Where does that happen in NYC or anywhere for that matter in a metropolitan city? The wood material that he uses really do come and from salvaged from old buildings- like the white pine. Not just any buildings, but historic buildings that was/is part of old New York City. What better way to capture that, but to put it in guitar builds for people to play and record with. His guitars has a feel and look that is not “refined” which folks who gigs with vintage instruments tend to favor because they feel worn like an old shoe or an old baseball glove not needing a “break-in” period. Definitely if you like new and very polished guitars these are not for sure. Here is the sad part- the rent in premium spaces in NYC is super expensive. How about $ 1K- 2K per square foot for a new lease. Some of those folks who has retail stores actually are able to do it because there lease is older and does not have the inflatable rent hike. With that said, you would imagine that this luthier would charge a hefty build fee due to his location- he doesn’t and he keeps the cost accessible and manageable. 
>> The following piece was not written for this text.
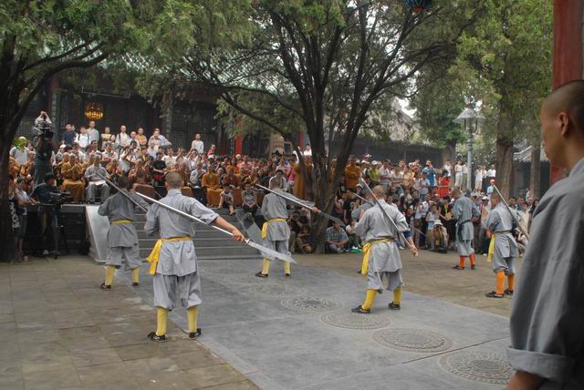 决赛结束后,评委嘉宾以及参赛选手还在少林寺方丈月台前观看了少林功夫表演。

I have no association with the builder or trying to promote his work, but just clear admiration of “old school” way of building and to show my admiration as well as respect to a dying and lost art.

Reactions: Like 2


----------



## FLQuacker (Feb 22, 2019)

I'll definitely check that out when we escape from the dial up speed location.


----------



## Eric Rorabaugh (Mar 12, 2022)

@FLQuacker
Wayne. Did you ever make the turkey call from this? If so, where's the pics? And any pen blank size cutoffs laying around?

Reactions: Like 1


----------



## JerseyHighlander (Mar 13, 2022)

Ybor City! Home of Tampa Bay Brewing Co and some damned fine hand rolled cigars... It's been too long.
That's some pretty wood. What are you planning to make from it?
I once had a large pine timber from an 1800's mill here in North Jersey many years ago. Never did get to work with it, some POS stole it.


----------



## FLQuacker (Mar 26, 2022)

Eric Rorabaugh said:


> @FLQuacker
> Wayne. Did you ever make the turkey call from this? If so, where's the pics? And any pen blank size cutoffs laying around?


I did..not impressed, but it was never meant to hunt. No pics...no scraps left.

Reactions: Like 1


----------